EDFAs consist of erbium-doped fiber having a silica glass host core doped with active Er ions as the gain medium. Erbium-doped fiber is usually pumped by semiconductor lasers at 980nm or 1480nm.

EDFA

 

Two-Stage-EDFA

Basic elements of an EDFA are shown in the figure above. The gain medium in the amplifier is a specially fabricated optical fiber with its core doped with erbium(Er). The erbium-doped fiber (EDF) is pumped by a semiconductor laser, which is coupled by using a wavelength selective coupler, also known as a WDM coupler, that combines the pump laser light with the signal light. The pump light propagates either in the same direction as the signal (co-propagation) or in the opposite direction (counter-propagation). Optical isolators are used to prevent oscillations and excess noise due to unwanted reflection in the assembly. More advanced architecture of an amplifier consists of multiple stages designed to optimize the output power and noise characteristics while incorporating additional loss elements in the mid-stage.

EDFA-energy-level

The energy level scheme of the erbium ion and the associated spontaneous lifetime in the glass host are are shown above. The atomic levels of Er-ions are broadened by local field variations at the microscopic level in the glass host. The light emission due to optical transitions from the first excited state to the ground level are perfectly matched with the transmission window of silica transmission fiber (1525-1610nm).

The erbium ions can be excited to the upper energy levels by 980nm or 1480nm pumps. In both cases, it is the first excited state, that is responsible for the amplification of optical signals. The amplification is achieved by the signal photons causing stimulated emission from the first excited state.
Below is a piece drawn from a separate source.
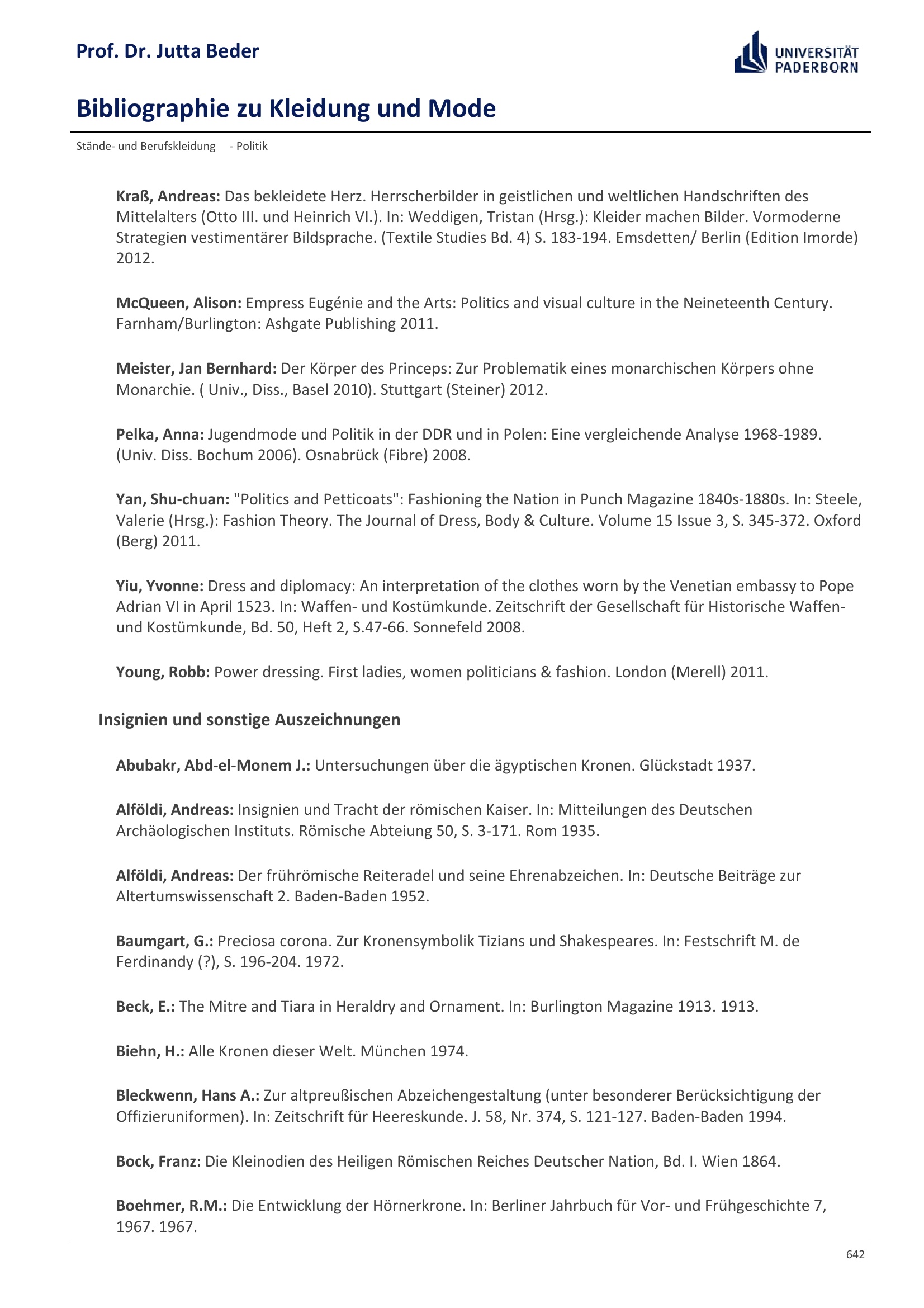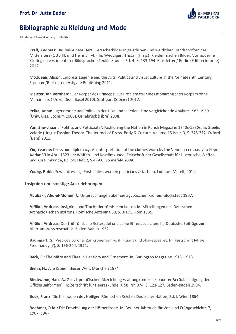 Bibliographie zu Kleidung und Mode / Prof. Dr. Jutta Beder

A three-level model can be used to describe the population of energy levels in the case of 980nm pumping, while a two-level model usually suffices for the 1480nm pumping case. Nearly complete inversion of Er ions can be achieved with 980nm pumping, whereas due to the stimulated emission at teh pump wavelength the inversion level is usually lower in the case of 1480nm pumping.

A higher degree of inversion leads to lower noise level generated from the spontaneous emission process and is therefore highly desirable for the pre-amplifier stage. The quantum efficiency of the amplifier is higher for 1480 pumping due to better closer match between the signal and pump energies.

The spontaneous lifetime of the metastable energy level is about 10ms, which is much slower than the signal bit rates of practical interest. These slow dynamics are responsible for the key advantage of EDFAs because of their negligible inter-symbol distortion and inter-channel crosstalk.